WORK REQUEST: Drop all images. Then write out each line below exactly as given.

Items listed in a dataset:
============================================================
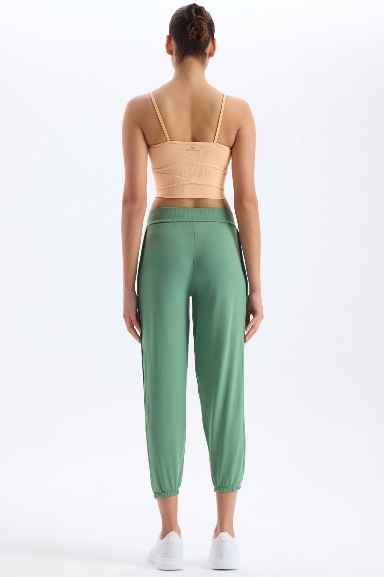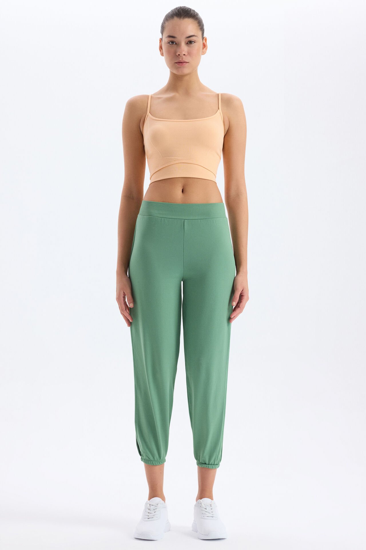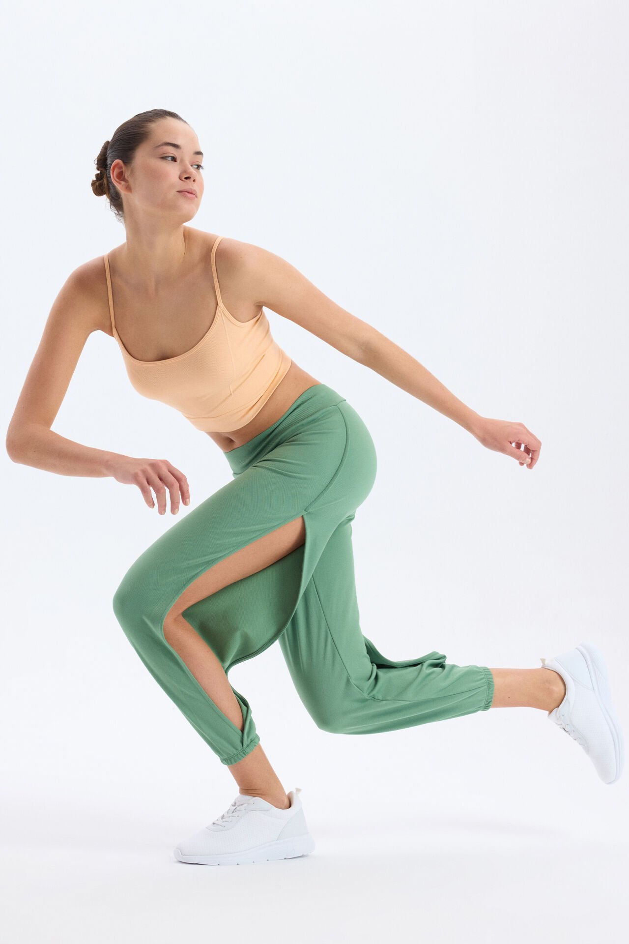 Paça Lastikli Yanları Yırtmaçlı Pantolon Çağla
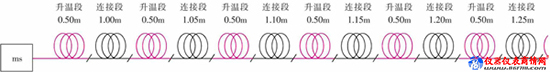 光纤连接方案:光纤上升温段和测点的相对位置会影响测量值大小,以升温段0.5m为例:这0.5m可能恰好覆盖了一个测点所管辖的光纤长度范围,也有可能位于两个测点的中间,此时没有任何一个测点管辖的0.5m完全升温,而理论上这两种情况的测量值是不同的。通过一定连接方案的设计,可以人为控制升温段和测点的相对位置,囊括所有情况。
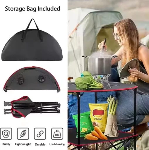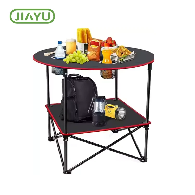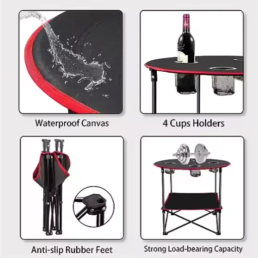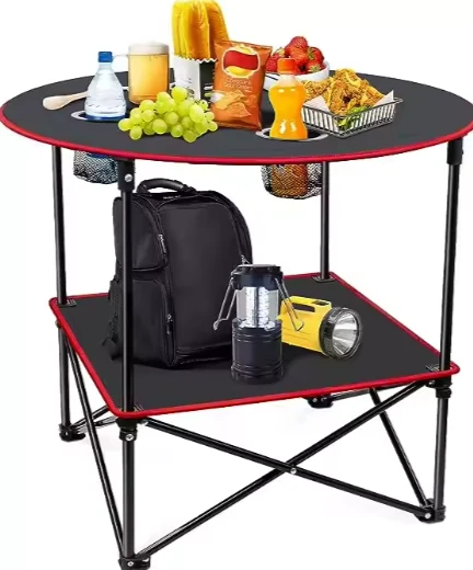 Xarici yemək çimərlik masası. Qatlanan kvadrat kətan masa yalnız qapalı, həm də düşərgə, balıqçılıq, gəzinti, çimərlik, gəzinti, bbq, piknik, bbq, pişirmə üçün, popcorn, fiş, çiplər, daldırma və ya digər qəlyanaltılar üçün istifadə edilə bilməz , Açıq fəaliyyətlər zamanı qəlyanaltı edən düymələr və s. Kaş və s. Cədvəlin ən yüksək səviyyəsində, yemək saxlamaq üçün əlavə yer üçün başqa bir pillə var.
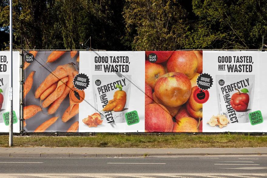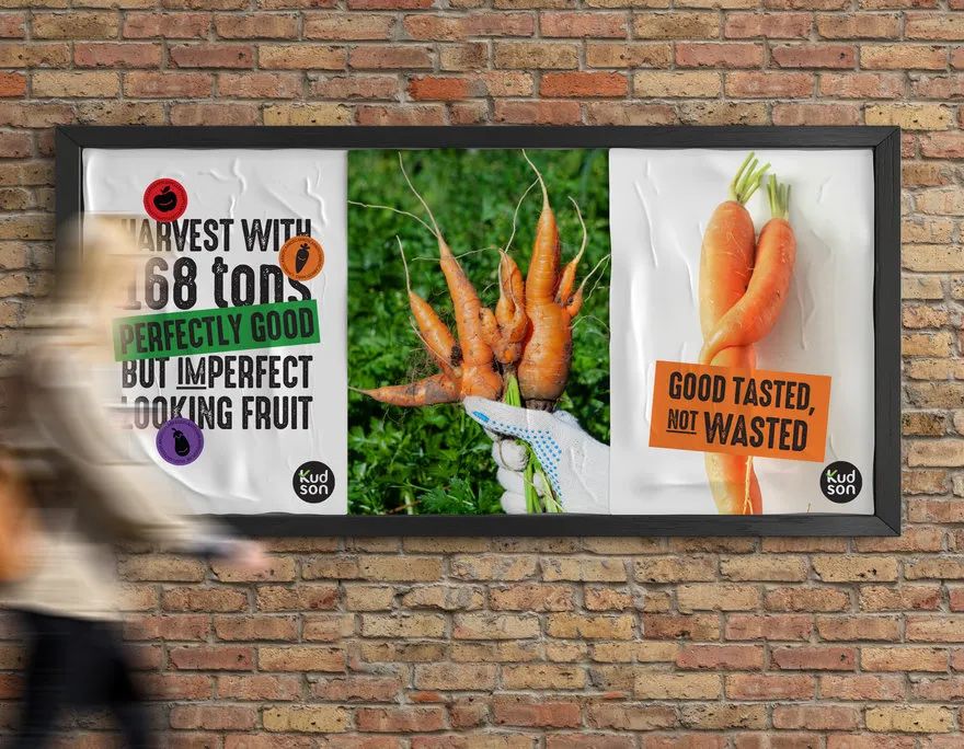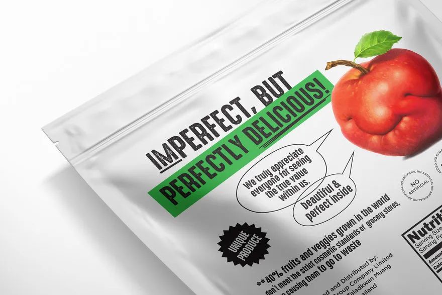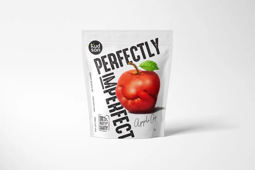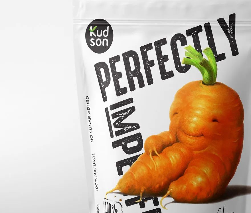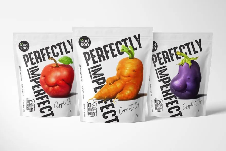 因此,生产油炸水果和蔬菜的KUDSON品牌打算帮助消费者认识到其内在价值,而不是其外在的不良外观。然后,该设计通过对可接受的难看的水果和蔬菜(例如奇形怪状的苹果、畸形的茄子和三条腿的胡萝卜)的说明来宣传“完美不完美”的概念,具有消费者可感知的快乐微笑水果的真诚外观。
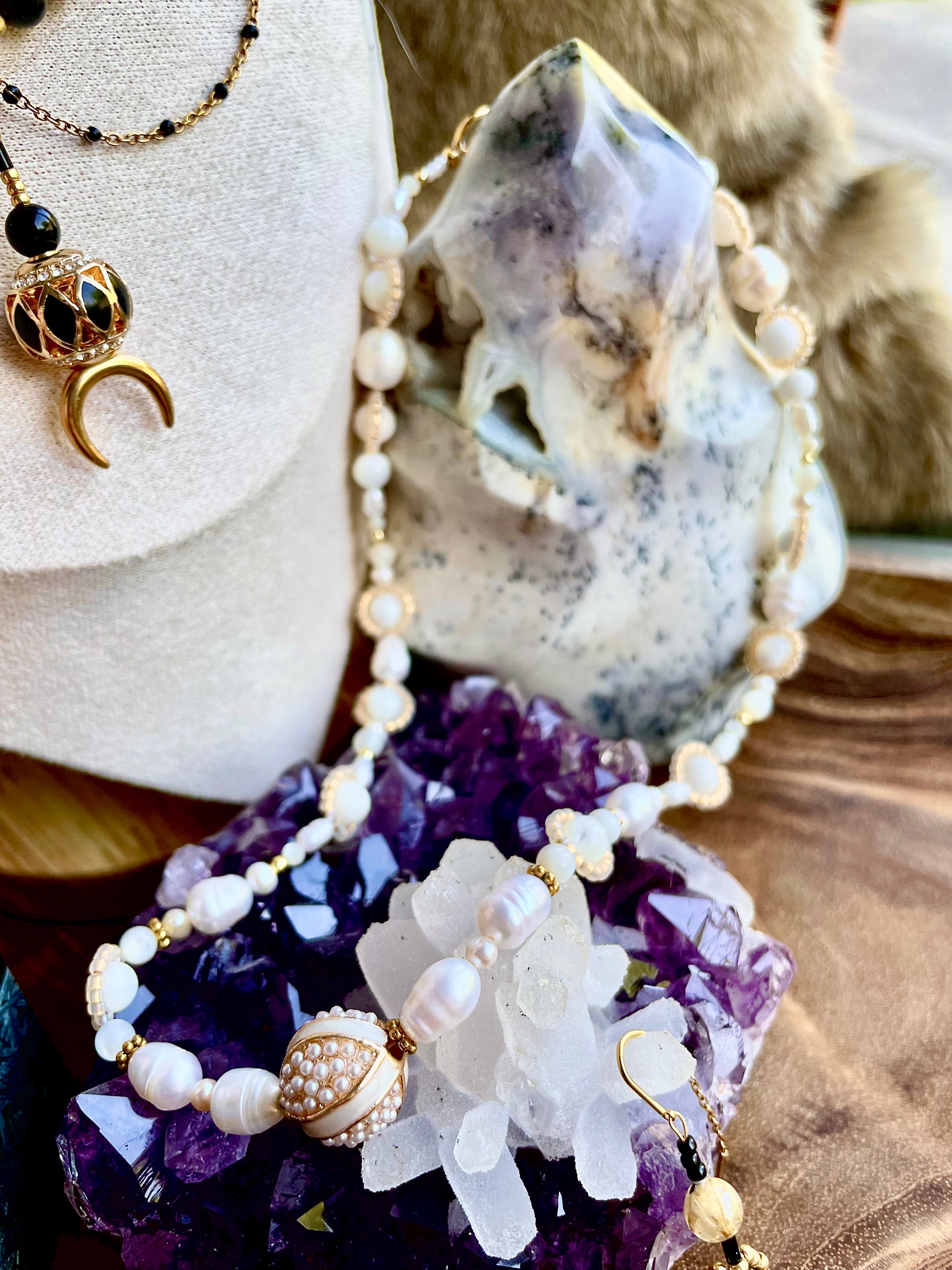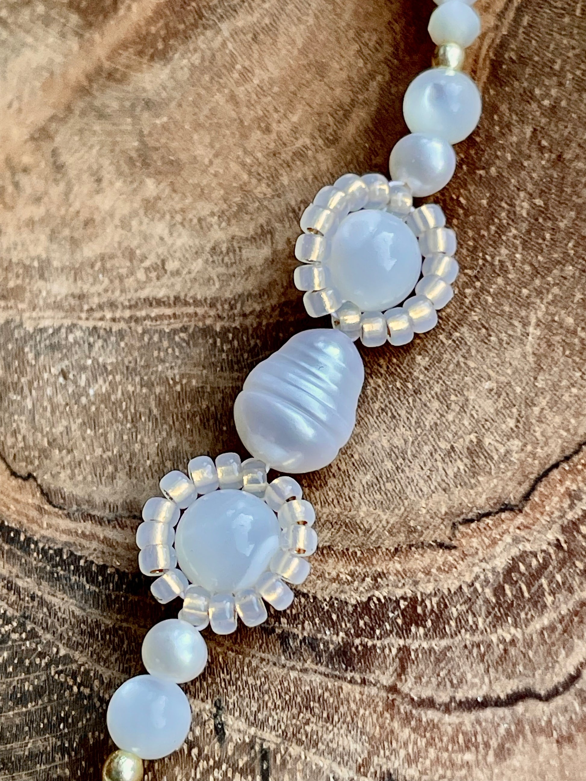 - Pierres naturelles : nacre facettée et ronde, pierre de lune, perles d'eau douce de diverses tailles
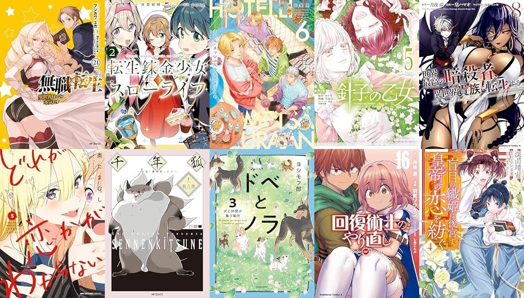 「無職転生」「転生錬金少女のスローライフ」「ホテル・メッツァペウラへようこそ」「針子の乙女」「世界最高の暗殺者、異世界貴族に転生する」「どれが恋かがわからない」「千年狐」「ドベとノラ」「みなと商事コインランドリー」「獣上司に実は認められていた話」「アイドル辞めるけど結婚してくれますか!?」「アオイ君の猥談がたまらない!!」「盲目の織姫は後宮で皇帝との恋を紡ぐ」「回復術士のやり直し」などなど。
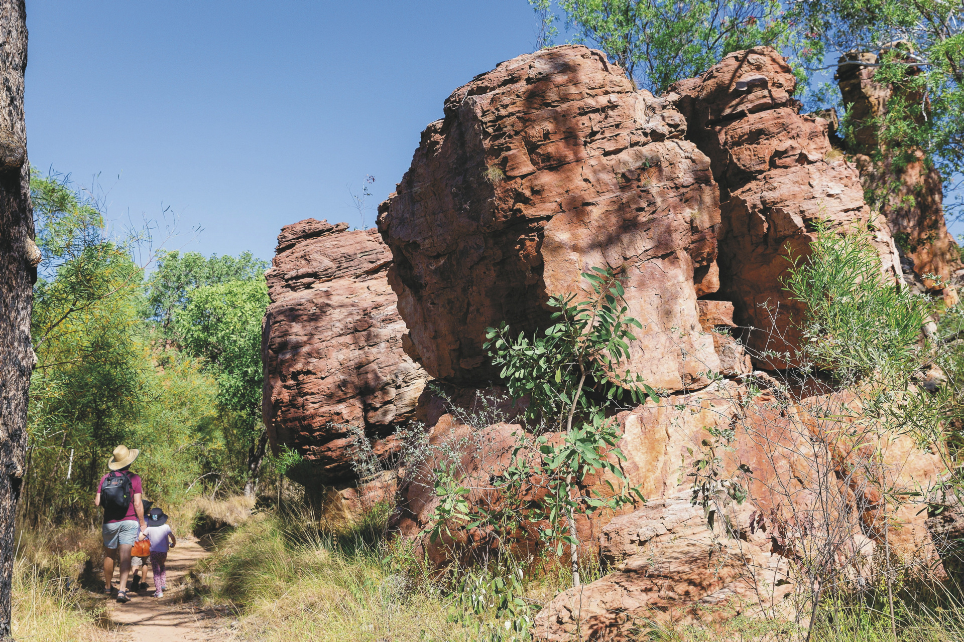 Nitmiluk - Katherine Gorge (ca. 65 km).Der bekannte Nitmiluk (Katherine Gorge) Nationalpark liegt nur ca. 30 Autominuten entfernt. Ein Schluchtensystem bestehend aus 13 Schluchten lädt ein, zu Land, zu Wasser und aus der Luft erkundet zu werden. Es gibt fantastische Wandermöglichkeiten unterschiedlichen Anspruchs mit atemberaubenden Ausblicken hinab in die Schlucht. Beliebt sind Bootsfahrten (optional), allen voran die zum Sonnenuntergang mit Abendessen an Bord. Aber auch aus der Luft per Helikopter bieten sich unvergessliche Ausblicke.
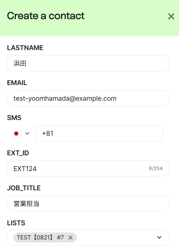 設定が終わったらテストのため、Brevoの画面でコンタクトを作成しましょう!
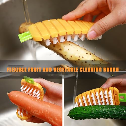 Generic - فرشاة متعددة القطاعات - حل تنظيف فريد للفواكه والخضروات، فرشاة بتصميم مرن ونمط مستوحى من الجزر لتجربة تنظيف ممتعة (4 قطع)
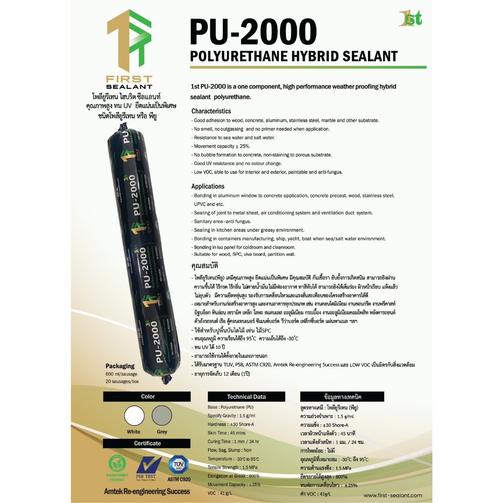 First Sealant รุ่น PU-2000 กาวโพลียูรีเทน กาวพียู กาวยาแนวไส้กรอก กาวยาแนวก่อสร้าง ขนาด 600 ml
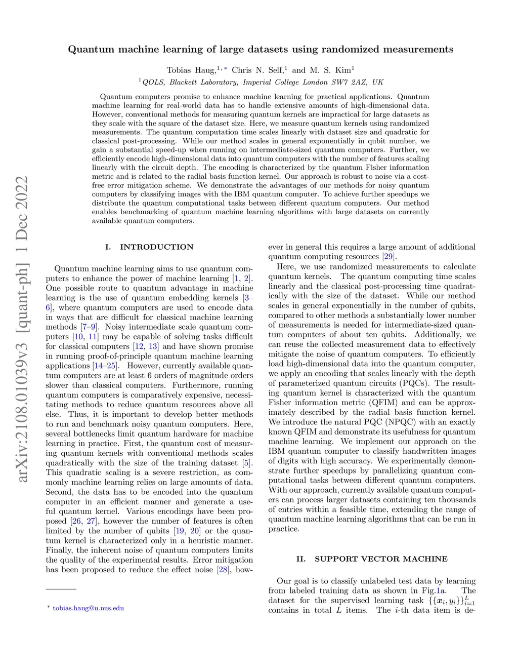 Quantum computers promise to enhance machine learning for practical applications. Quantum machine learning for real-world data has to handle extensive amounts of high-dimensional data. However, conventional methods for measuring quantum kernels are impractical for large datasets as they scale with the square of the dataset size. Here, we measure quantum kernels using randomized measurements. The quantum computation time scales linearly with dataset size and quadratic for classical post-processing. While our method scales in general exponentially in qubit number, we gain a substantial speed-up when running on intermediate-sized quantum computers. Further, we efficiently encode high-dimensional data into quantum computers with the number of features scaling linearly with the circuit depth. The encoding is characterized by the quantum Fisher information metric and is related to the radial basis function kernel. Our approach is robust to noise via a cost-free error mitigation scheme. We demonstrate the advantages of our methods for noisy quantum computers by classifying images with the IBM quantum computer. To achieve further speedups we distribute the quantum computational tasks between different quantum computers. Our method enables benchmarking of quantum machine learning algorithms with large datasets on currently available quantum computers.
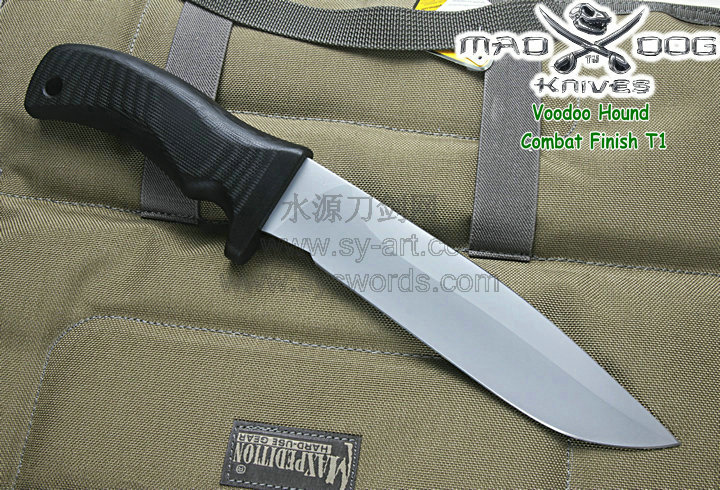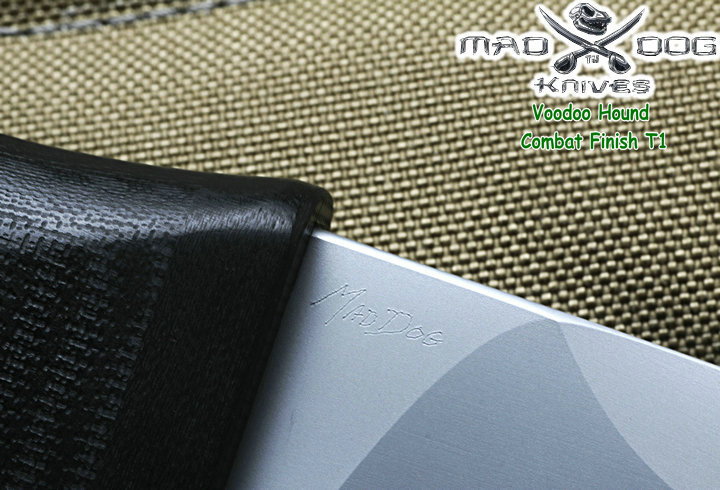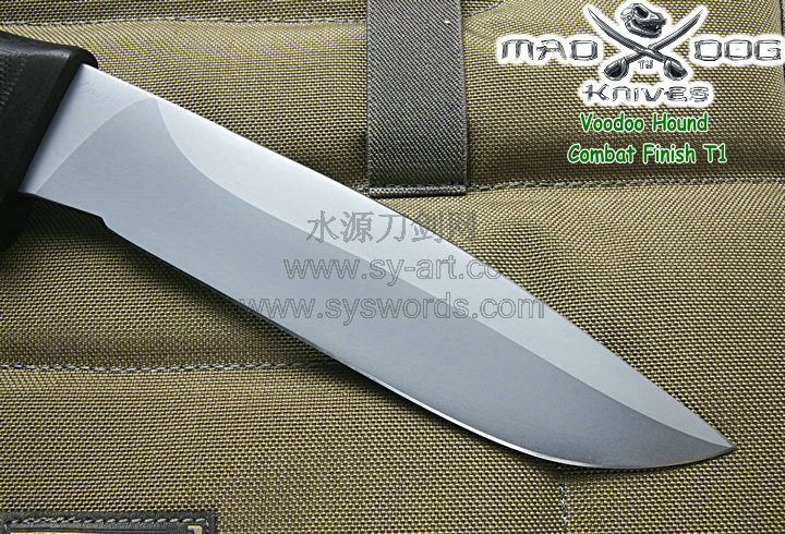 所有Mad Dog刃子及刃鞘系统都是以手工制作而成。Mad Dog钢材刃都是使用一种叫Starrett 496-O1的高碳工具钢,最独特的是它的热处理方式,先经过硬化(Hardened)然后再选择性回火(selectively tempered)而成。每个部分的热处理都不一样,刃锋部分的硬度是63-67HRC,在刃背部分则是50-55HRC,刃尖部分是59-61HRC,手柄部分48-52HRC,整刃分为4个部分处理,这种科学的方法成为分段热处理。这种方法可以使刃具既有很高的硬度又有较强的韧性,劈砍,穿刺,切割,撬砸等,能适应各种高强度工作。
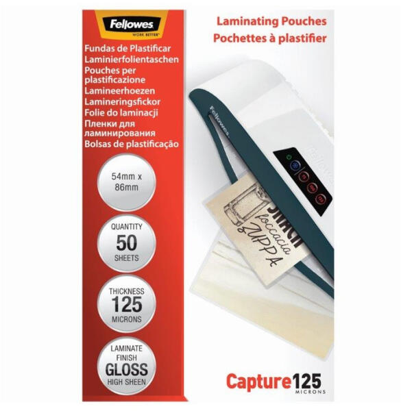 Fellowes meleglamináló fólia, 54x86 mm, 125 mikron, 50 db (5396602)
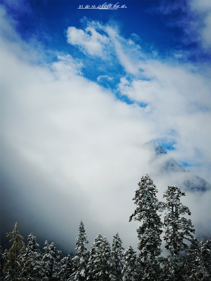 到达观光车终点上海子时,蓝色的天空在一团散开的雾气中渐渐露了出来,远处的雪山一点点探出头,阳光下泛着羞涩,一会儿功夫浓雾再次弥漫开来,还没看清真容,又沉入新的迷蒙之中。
============================================================
EXPECTED ANSWER:
 Paça Lastikli Yanları Yırtmaçlı Pantolon Çağla
 光纤连接方案:光纤上升温段和测点的相对位置会影响测量值大小,以升温段0.5m为例:这0.5m可能恰好覆盖了一个测点所管辖的光纤长度范围,也有可能位于两个测点的中间,此时没有任何一个测点管辖的0.5m完全升温,而理论上这两种情况的测量值是不同的。通过一定连接方案的设计,可以人为控制升温段和测点的相对位置,囊括所有情况。
 Xarici yemək çimərlik masası. Qatlanan kvadrat kətan masa yalnız qapalı, həm də düşərgə, balıqçılıq, gəzinti, çimərlik, gəzinti, bbq, piknik, bbq, pişirmə üçün, popcorn, fiş, çiplər, daldırma və ya digər qəlyanaltılar üçün istifadə edilə bilməz , Açıq fəaliyyətlər zamanı qəlyanaltı edən düymələr və s. Kaş və s. Cədvəlin ən yüksək səviyyəsində, yemək saxlamaq üçün əlavə yer üçün başqa bir pillə var.
 因此,生产油炸水果和蔬菜的KUDSON品牌打算帮助消费者认识到其内在价值,而不是其外在的不良外观。然后,该设计通过对可接受的难看的水果和蔬菜(例如奇形怪状的苹果、畸形的茄子和三条腿的胡萝卜)的说明来宣传“完美不完美”的概念,具有消费者可感知的快乐微笑水果的真诚外观。
 - Pierres naturelles : nacre facettée et ronde, pierre de lune, perles d'eau douce de diverses tailles
 「無職転生」「転生錬金少女のスローライフ」「ホテル・メッツァペウラへようこそ」「針子の乙女」「世界最高の暗殺者、異世界貴族に転生する」「どれが恋かがわからない」「千年狐」「ドベとノラ」「みなと商事コインランドリー」「獣上司に実は認められていた話」「アイドル辞めるけど結婚してくれますか!?」「アオイ君の猥談がたまらない!!」「盲目の織姫は後宮で皇帝との恋を紡ぐ」「回復術士のやり直し」などなど。
 Nitmiluk - Katherine Gorge (ca. 65 km).Der bekannte Nitmiluk (Katherine Gorge) Nationalpark liegt nur ca. 30 Autominuten entfernt. Ein Schluchtensystem bestehend aus 13 Schluchten lädt ein, zu Land, zu Wasser und aus der Luft erkundet zu werden. Es gibt fantastische Wandermöglichkeiten unterschiedlichen Anspruchs mit atemberaubenden Ausblicken hinab in die Schlucht. Beliebt sind Bootsfahrten (optional), allen voran die zum Sonnenuntergang mit Abendessen an Bord. Aber auch aus der Luft per Helikopter bieten sich unvergessliche Ausblicke.
 設定が終わったらテストのため、Brevoの画面でコンタクトを作成しましょう!
 Generic - فرشاة متعددة القطاعات - حل تنظيف فريد للفواكه والخضروات، فرشاة بتصميم مرن ونمط مستوحى من الجزر لتجربة تنظيف ممتعة (4 قطع)
 First Sealant รุ่น PU-2000 กาวโพลียูรีเทน กาวพียู กาวยาแนวไส้กรอก กาวยาแนวก่อสร้าง ขนาด 600 ml
 Quantum computers promise to enhance machine learning for practical applications. Quantum machine learning for real-world data has to handle extensive amounts of high-dimensional data. However, conventional methods for measuring quantum kernels are impractical for large datasets as they scale with the square of the dataset size. Here, we measure quantum kernels using randomized measurements. The quantum computation time scales linearly with dataset size and quadratic for classical post-processing. While our method scales in general exponentially in qubit number, we gain a substantial speed-up when running on intermediate-sized quantum computers. Further, we efficiently encode high-dimensional data into quantum computers with the number of features scaling linearly with the circuit depth. The encoding is characterized by the quantum Fisher information metric and is related to the radial basis function kernel. Our approach is robust to noise via a cost-free error mitigation scheme. We demonstrate the advantages of our methods for noisy quantum computers by classifying images with the IBM quantum computer. To achieve further speedups we distribute the quantum computational tasks between different quantum computers. Our method enables benchmarking of quantum machine learning algorithms with large datasets on currently available quantum computers.
 所有Mad Dog刃子及刃鞘系统都是以手工制作而成。Mad Dog钢材刃都是使用一种叫Starrett 496-O1的高碳工具钢,最独特的是它的热处理方式,先经过硬化(Hardened)然后再选择性回火(selectively tempered)而成。每个部分的热处理都不一样,刃锋部分的硬度是63-67HRC,在刃背部分则是50-55HRC,刃尖部分是59-61HRC,手柄部分48-52HRC,整刃分为4个部分处理,这种科学的方法成为分段热处理。这种方法可以使刃具既有很高的硬度又有较强的韧性,劈砍,穿刺,切割,撬砸等,能适应各种高强度工作。
 Fellowes meleglamináló fólia, 54x86 mm, 125 mikron, 50 db (5396602)
 到达观光车终点上海子时,蓝色的天空在一团散开的雾气中渐渐露了出来,远处的雪山一点点探出头,阳光下泛着羞涩,一会儿功夫浓雾再次弥漫开来,还没看清真容,又沉入新的迷蒙之中。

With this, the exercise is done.